[Entries taken from a collection]
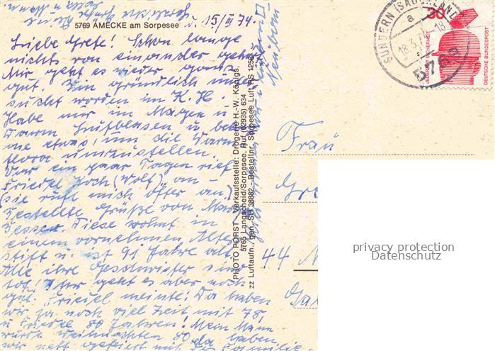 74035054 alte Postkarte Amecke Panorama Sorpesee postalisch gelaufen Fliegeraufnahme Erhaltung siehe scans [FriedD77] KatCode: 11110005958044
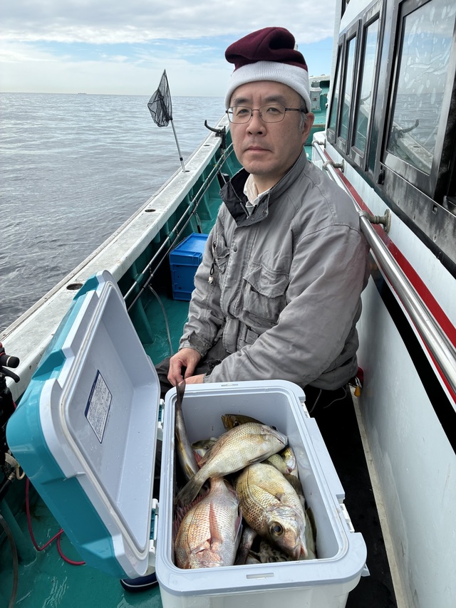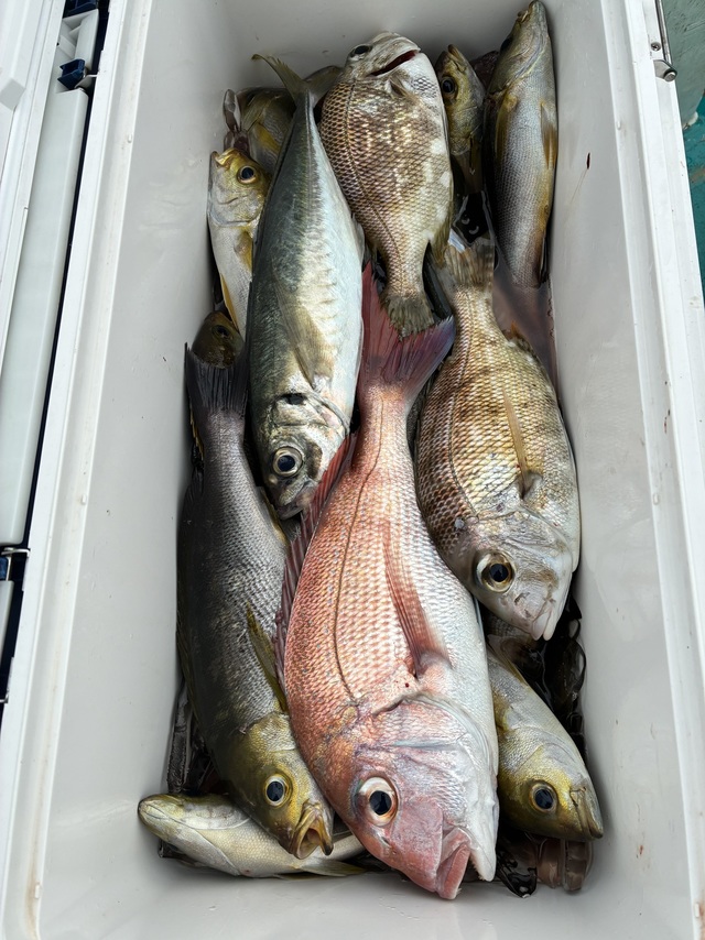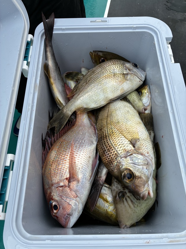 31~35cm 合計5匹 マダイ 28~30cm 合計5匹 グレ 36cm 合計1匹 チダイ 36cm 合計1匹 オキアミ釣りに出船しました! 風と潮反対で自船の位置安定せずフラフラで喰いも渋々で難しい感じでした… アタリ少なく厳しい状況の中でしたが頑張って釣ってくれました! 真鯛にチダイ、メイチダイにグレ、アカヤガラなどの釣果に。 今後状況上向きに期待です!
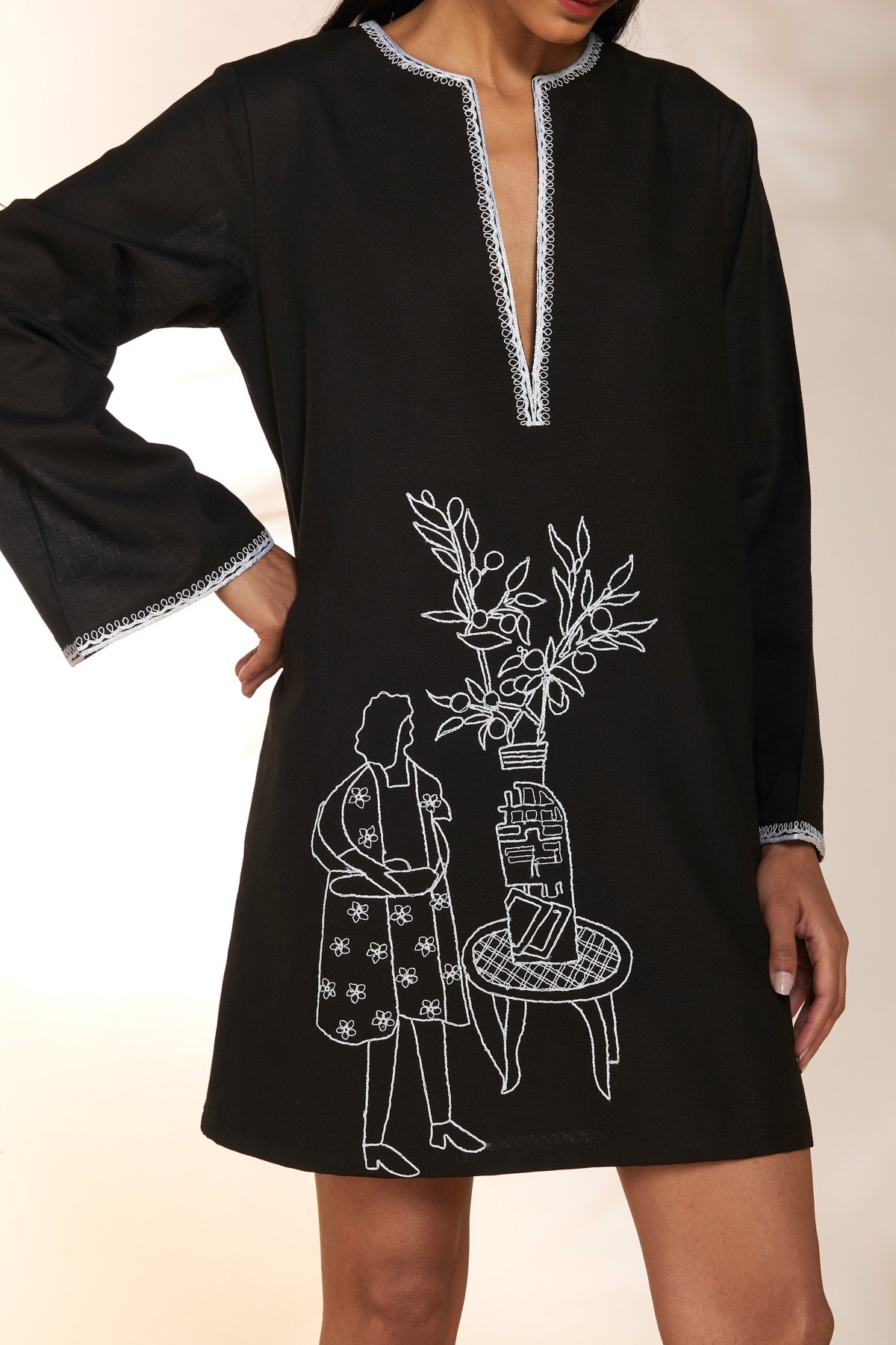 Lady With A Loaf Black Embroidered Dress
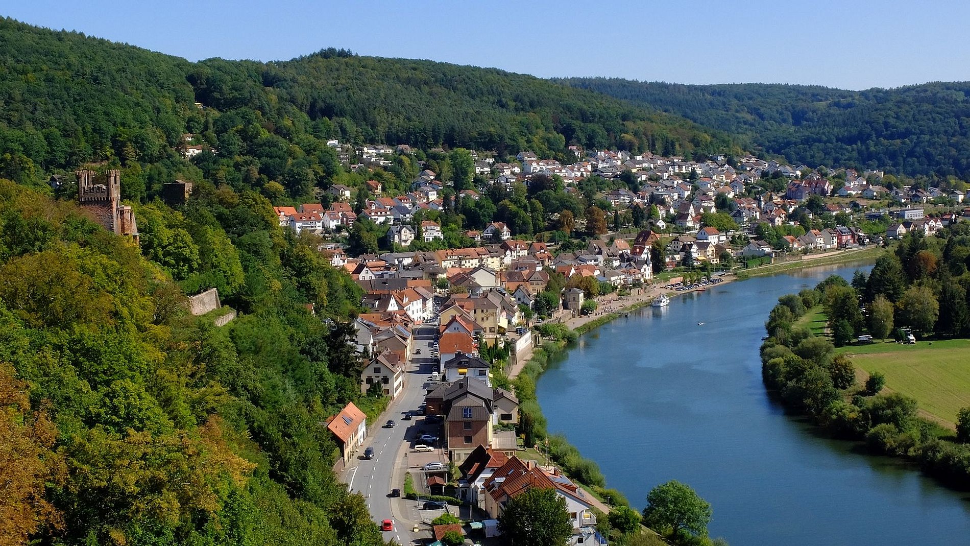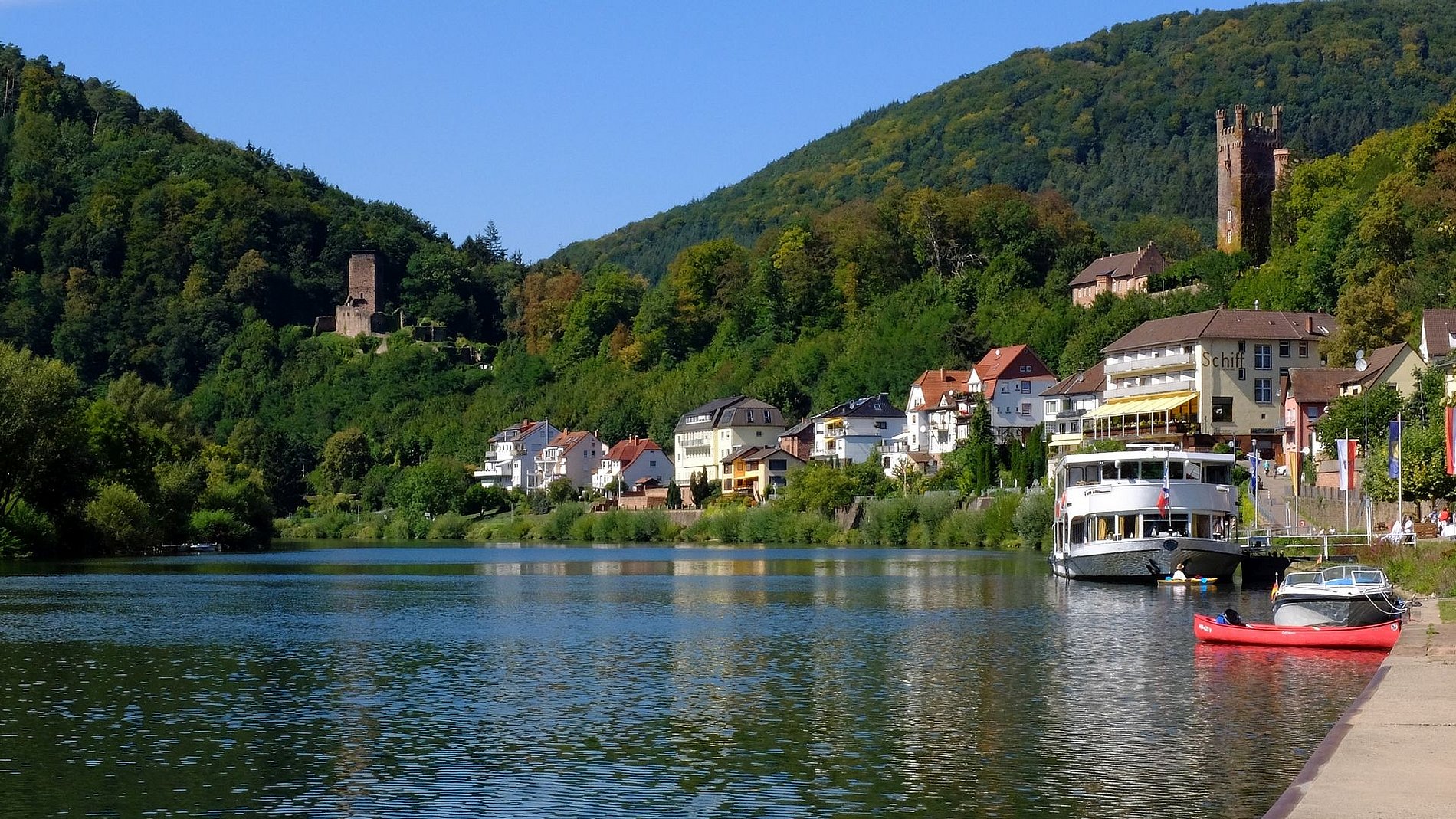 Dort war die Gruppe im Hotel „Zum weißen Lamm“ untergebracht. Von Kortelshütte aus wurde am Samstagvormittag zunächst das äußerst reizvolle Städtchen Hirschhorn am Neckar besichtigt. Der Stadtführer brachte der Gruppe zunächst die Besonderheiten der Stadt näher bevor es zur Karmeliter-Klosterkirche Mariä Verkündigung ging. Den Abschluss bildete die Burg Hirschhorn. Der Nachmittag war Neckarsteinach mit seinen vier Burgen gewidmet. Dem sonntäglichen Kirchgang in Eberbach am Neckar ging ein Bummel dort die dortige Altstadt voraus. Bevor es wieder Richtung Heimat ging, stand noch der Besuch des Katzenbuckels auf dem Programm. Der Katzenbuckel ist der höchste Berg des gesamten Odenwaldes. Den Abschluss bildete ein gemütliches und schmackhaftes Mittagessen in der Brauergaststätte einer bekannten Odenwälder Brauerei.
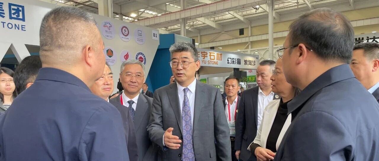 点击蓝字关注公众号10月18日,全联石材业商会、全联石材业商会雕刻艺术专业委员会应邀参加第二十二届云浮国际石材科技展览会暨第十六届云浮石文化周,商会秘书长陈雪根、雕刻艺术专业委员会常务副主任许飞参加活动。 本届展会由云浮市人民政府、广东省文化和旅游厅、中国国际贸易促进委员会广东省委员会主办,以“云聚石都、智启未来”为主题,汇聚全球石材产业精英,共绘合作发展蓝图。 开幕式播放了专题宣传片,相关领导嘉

# [TASK BRIEF]
Could you transcribe every entry exactly, leaving out the pictures?

# [OUTPUT FOR THIS TASK]
 74035054 alte Postkarte Amecke Panorama Sorpesee postalisch gelaufen Fliegeraufnahme Erhaltung siehe scans [FriedD77] KatCode: 11110005958044
 31~35cm 合計5匹 マダイ 28~30cm 合計5匹 グレ 36cm 合計1匹 チダイ 36cm 合計1匹 オキアミ釣りに出船しました! 風と潮反対で自船の位置安定せずフラフラで喰いも渋々で難しい感じでした… アタリ少なく厳しい状況の中でしたが頑張って釣ってくれました! 真鯛にチダイ、メイチダイにグレ、アカヤガラなどの釣果に。 今後状況上向きに期待です!
 Lady With A Loaf Black Embroidered Dress
 Dort war die Gruppe im Hotel „Zum weißen Lamm“ untergebracht. Von Kortelshütte aus wurde am Samstagvormittag zunächst das äußerst reizvolle Städtchen Hirschhorn am Neckar besichtigt. Der Stadtführer brachte der Gruppe zunächst die Besonderheiten der Stadt näher bevor es zur Karmeliter-Klosterkirche Mariä Verkündigung ging. Den Abschluss bildete die Burg Hirschhorn. Der Nachmittag war Neckarsteinach mit seinen vier Burgen gewidmet. Dem sonntäglichen Kirchgang in Eberbach am Neckar ging ein Bummel dort die dortige Altstadt voraus. Bevor es wieder Richtung Heimat ging, stand noch der Besuch des Katzenbuckels auf dem Programm. Der Katzenbuckel ist der höchste Berg des gesamten Odenwaldes. Den Abschluss bildete ein gemütliches und schmackhaftes Mittagessen in der Brauergaststätte einer bekannten Odenwälder Brauerei.
 点击蓝字关注公众号10月18日,全联石材业商会、全联石材业商会雕刻艺术专业委员会应邀参加第二十二届云浮国际石材科技展览会暨第十六届云浮石文化周,商会秘书长陈雪根、雕刻艺术专业委员会常务副主任许飞参加活动。 本届展会由云浮市人民政府、广东省文化和旅游厅、中国国际贸易促进委员会广东省委员会主办,以“云聚石都、智启未来”为主题,汇聚全球石材产业精英,共绘合作发展蓝图。 开幕式播放了专题宣传片,相关领导嘉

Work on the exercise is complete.